Directions for this task | Retype, word for word, every line starting at the line with "This is a photograph" and ending with the final line of the entries; skip the pictures.

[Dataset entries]
=== Section Start ===

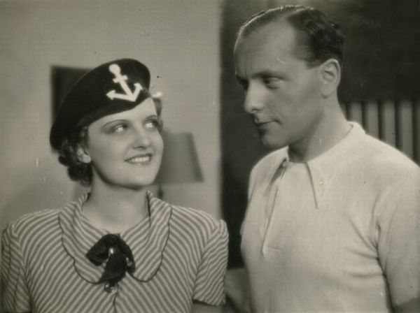 Scene from the Hungarian movie titled Tisztelet a kivételnek (released in 1937)
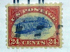 Image taken by Florida state election officials before sealing the cover with the above stamp.
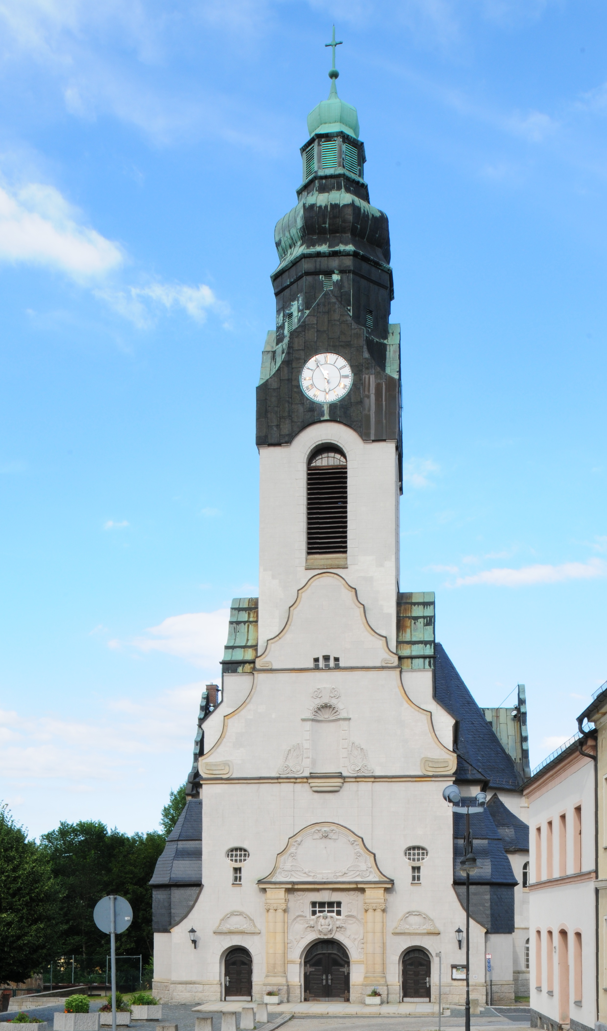 Adorf/Vogtland, Protestant church St Michael (district Vogtlandkreis, Free State of Saxony, Germany)
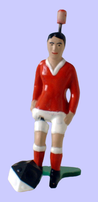 Tipp Kick player with ball
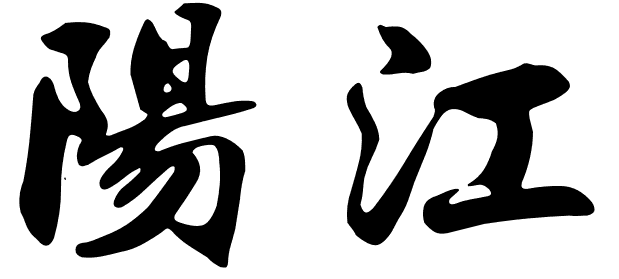 Yangjiang in Chinese
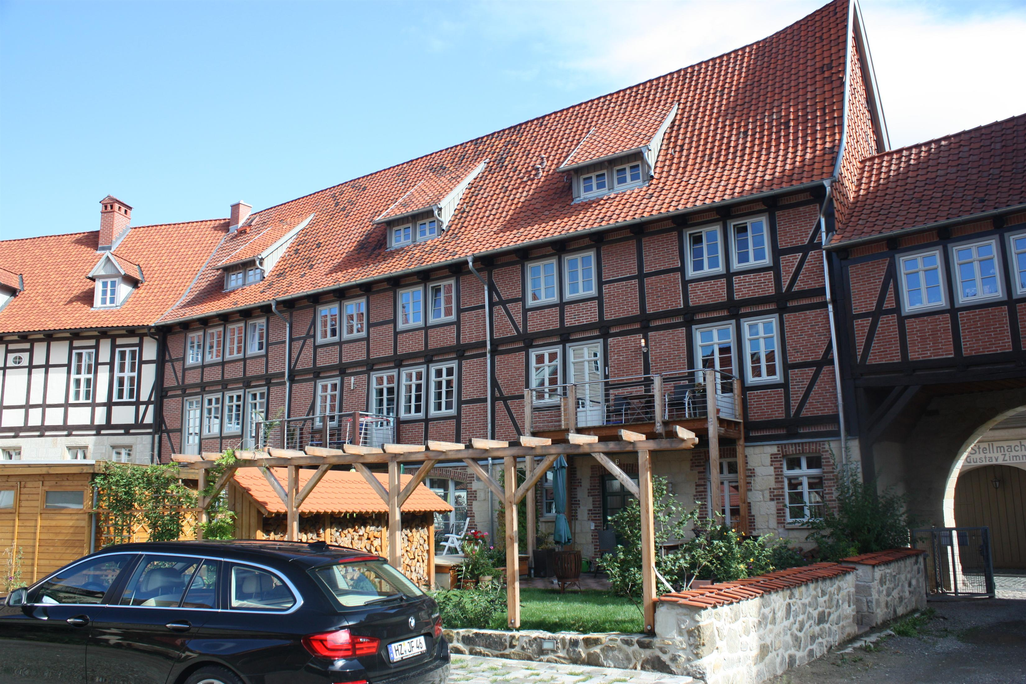 This is a photograph of an architectural monument.It is on the list of cultural monuments of Quedlinburg Quedlinburg Lange Gasse
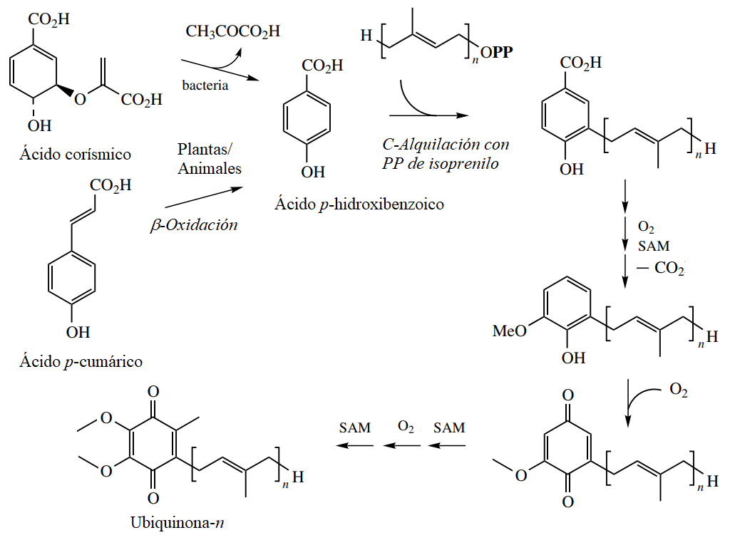 Required for shikimic acid page in spanish
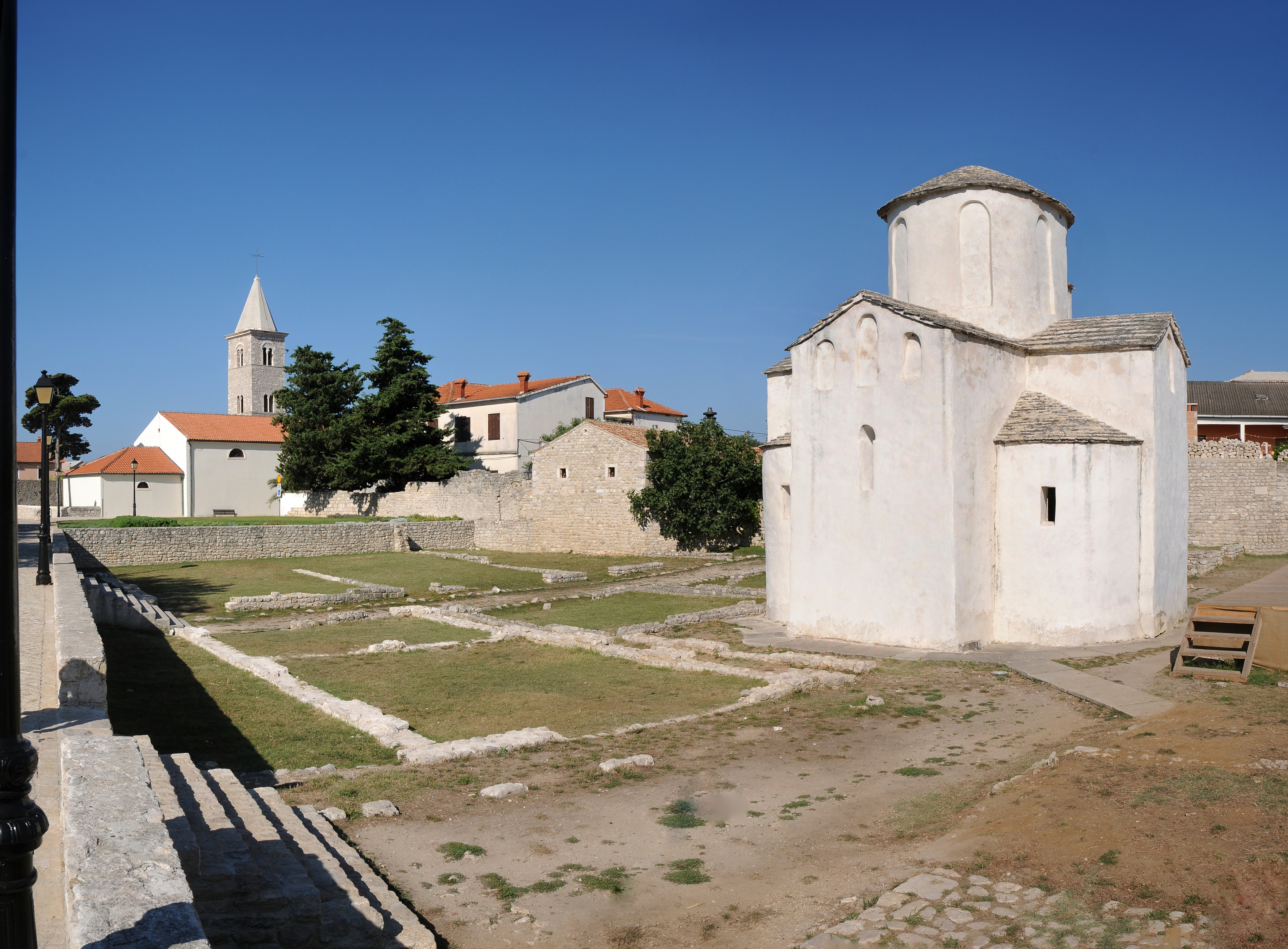 Nin, Croatia - Church of St. Cross
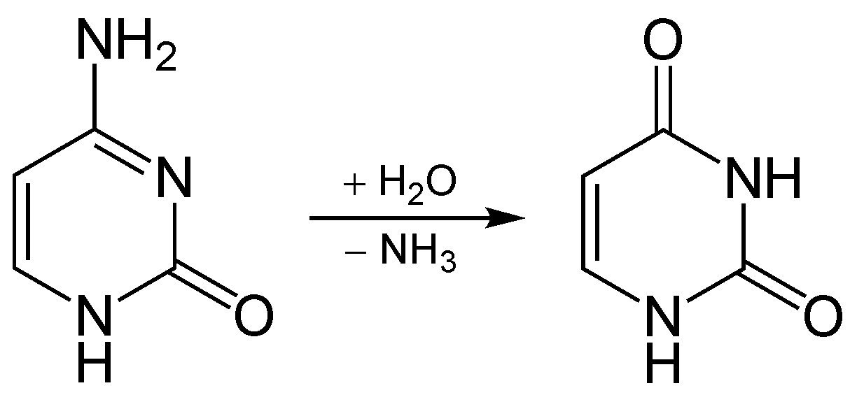 Deamidation of cytosine to uracil
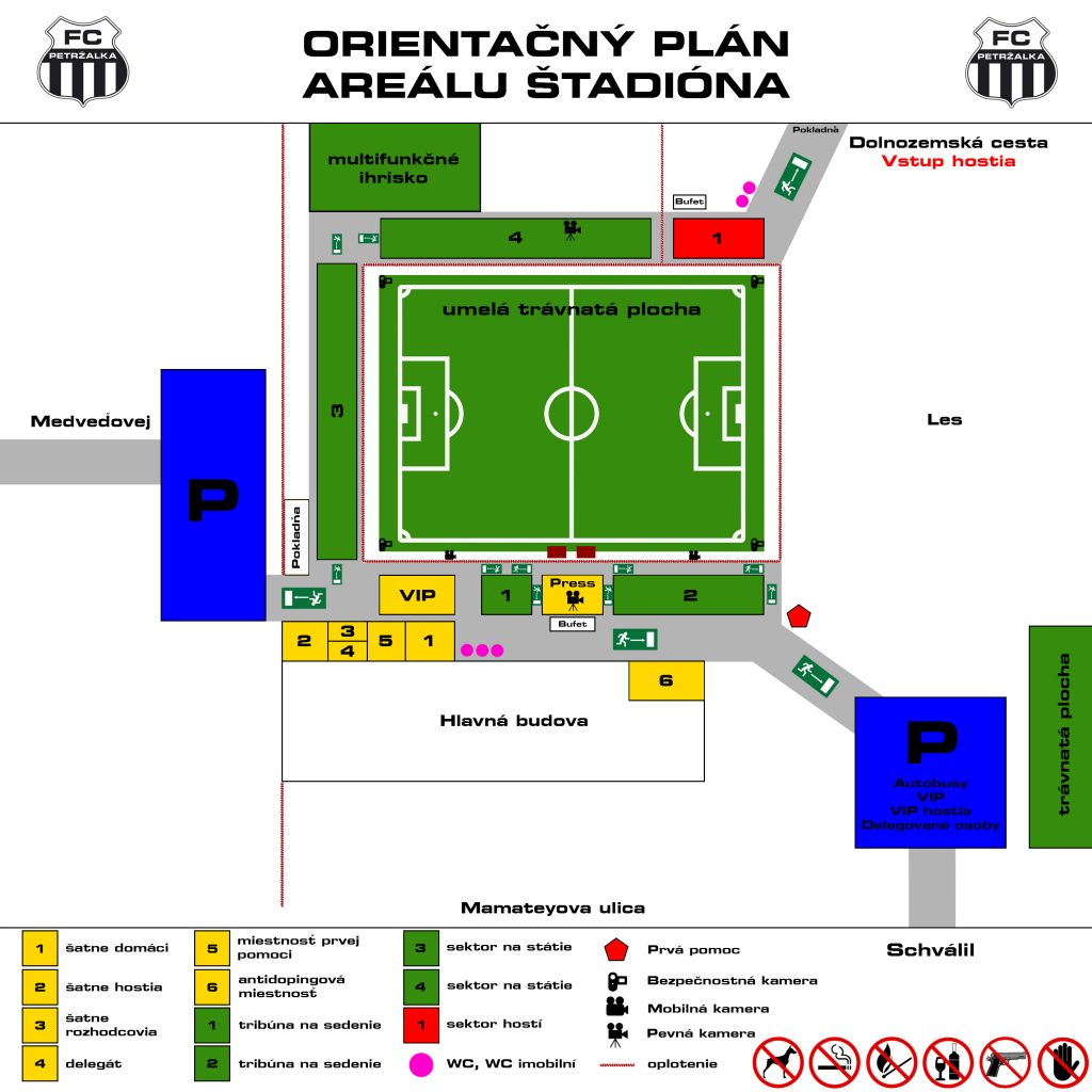 Orientačný plán športového areálu FC Petržalka
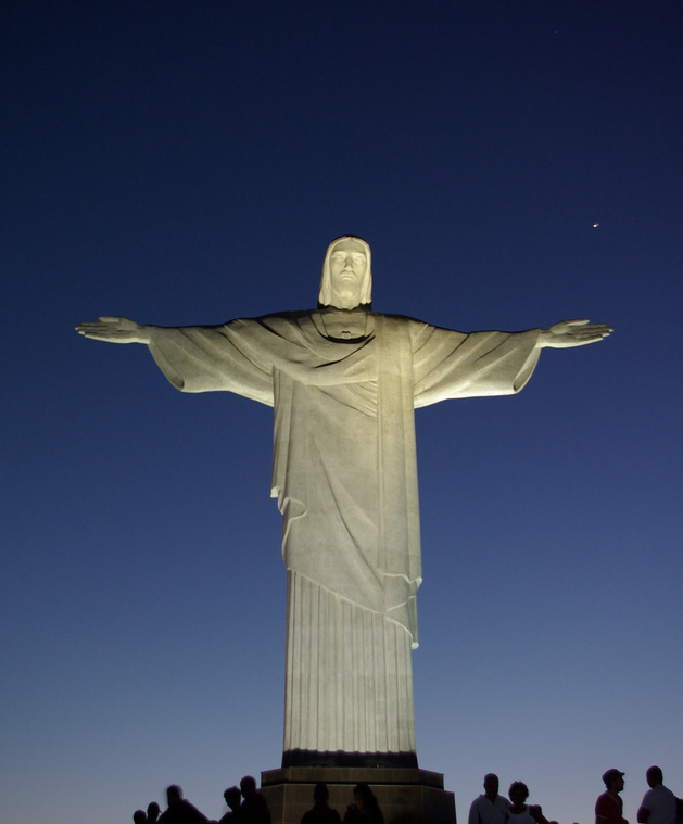 Statue of Christ the Redeemer, Rio de Janeiro, Brazil.
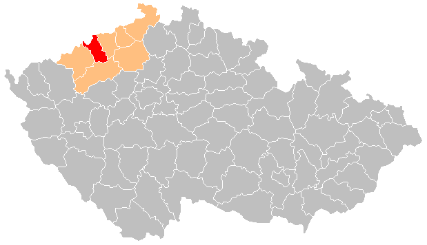 District of Most
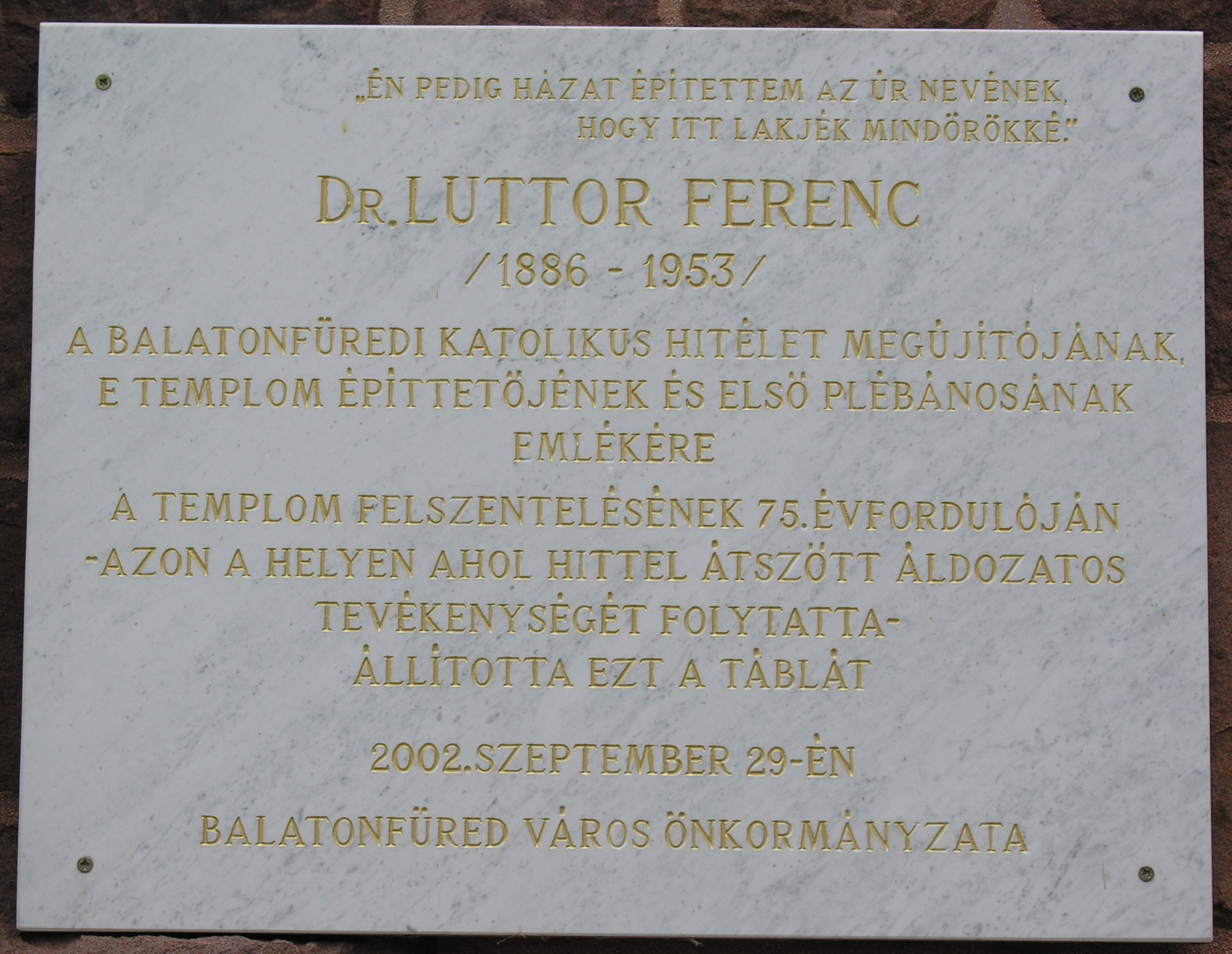 Commemorative plaque of Ferenc Luttor in Balatonfüred, Szent István Square (on the church side)
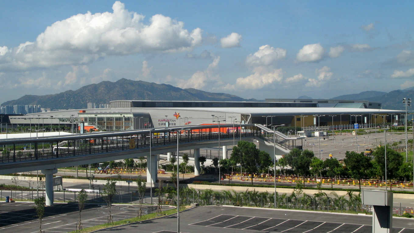 香港亞洲國際博覽館 HK Asia World Expo
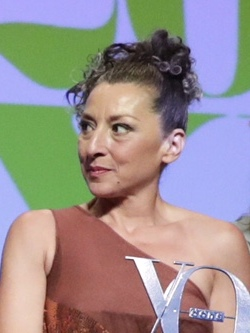 Entrega a Nareen Shammo de uno de los XII Premios Internacionales Yo Dona 2017. Esta periodista y activista iraquí ha tenido la valentía al enfrentarse a ese monstruo que se hace llamar estado islámico y ha denunciado a todo el mundo las atrocidades a las que esos terroristas asesinos someten a las mujeres.
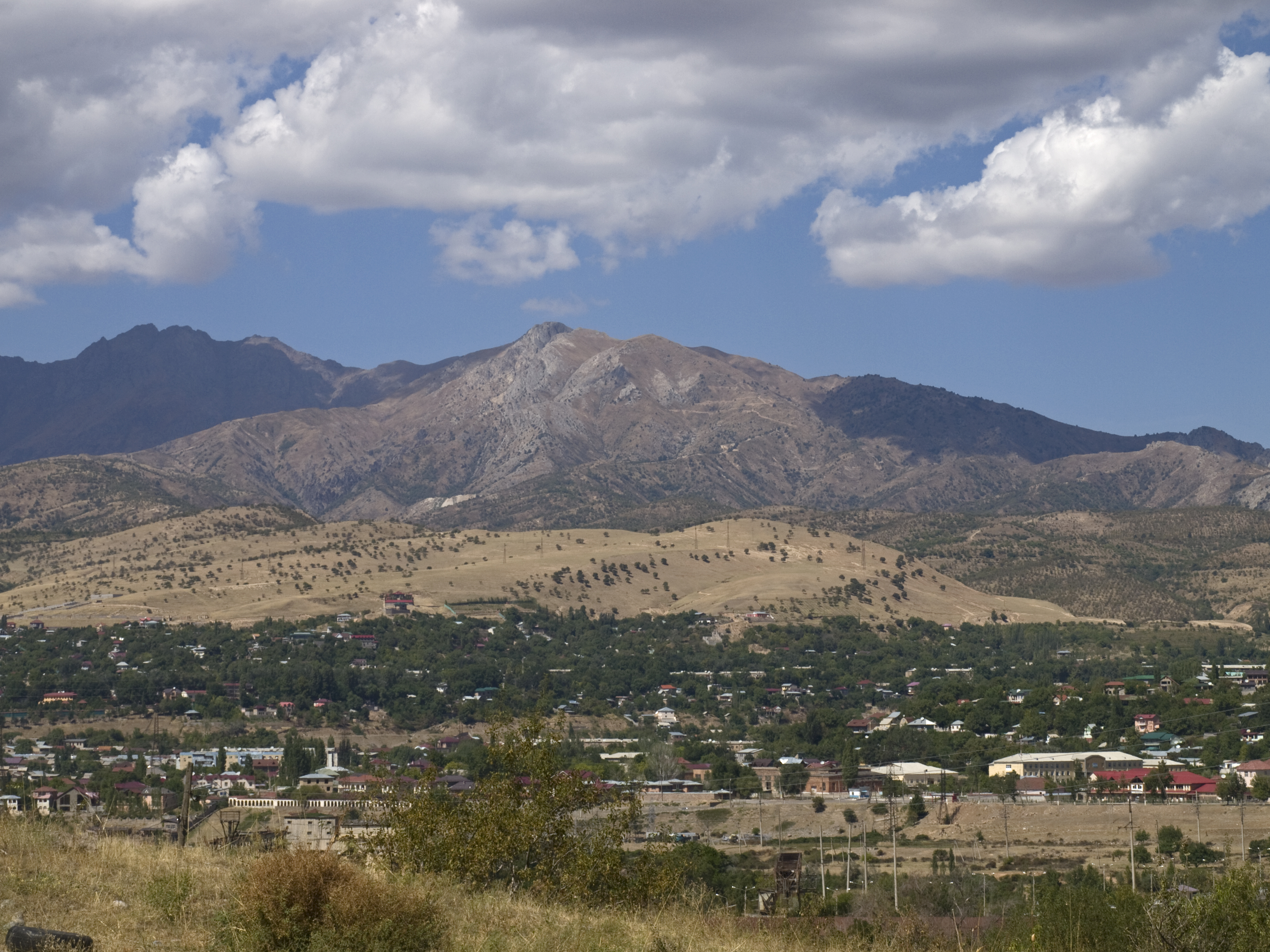 Panorama of the settlement of Chorvoq from Chatkal range (south of the settlement)

=== Section End ===

Reply |
 This is a photograph of an architectural monument.It is on the list of cultural monuments of Quedlinburg Quedlinburg Lange Gasse
 Required for shikimic acid page in spanish
 Nin, Croatia - Church of St. Cross
 Deamidation of cytosine to uracil
 Orientačný plán športového areálu FC Petržalka
 Statue of Christ the Redeemer, Rio de Janeiro, Brazil.
 District of Most
 Commemorative plaque of Ferenc Luttor in Balatonfüred, Szent István Square (on the church side)
 香港亞洲國際博覽館 HK Asia World Expo
 Entrega a Nareen Shammo de uno de los XII Premios Internacionales Yo Dona 2017. Esta periodista y activista iraquí ha tenido la valentía al enfrentarse a ese monstruo que se hace llamar estado islámico y ha denunciado a todo el mundo las atrocidades a las que esos terroristas asesinos someten a las mujeres.
 Panorama of the settlement of Chorvoq from Chatkal range (south of the settlement)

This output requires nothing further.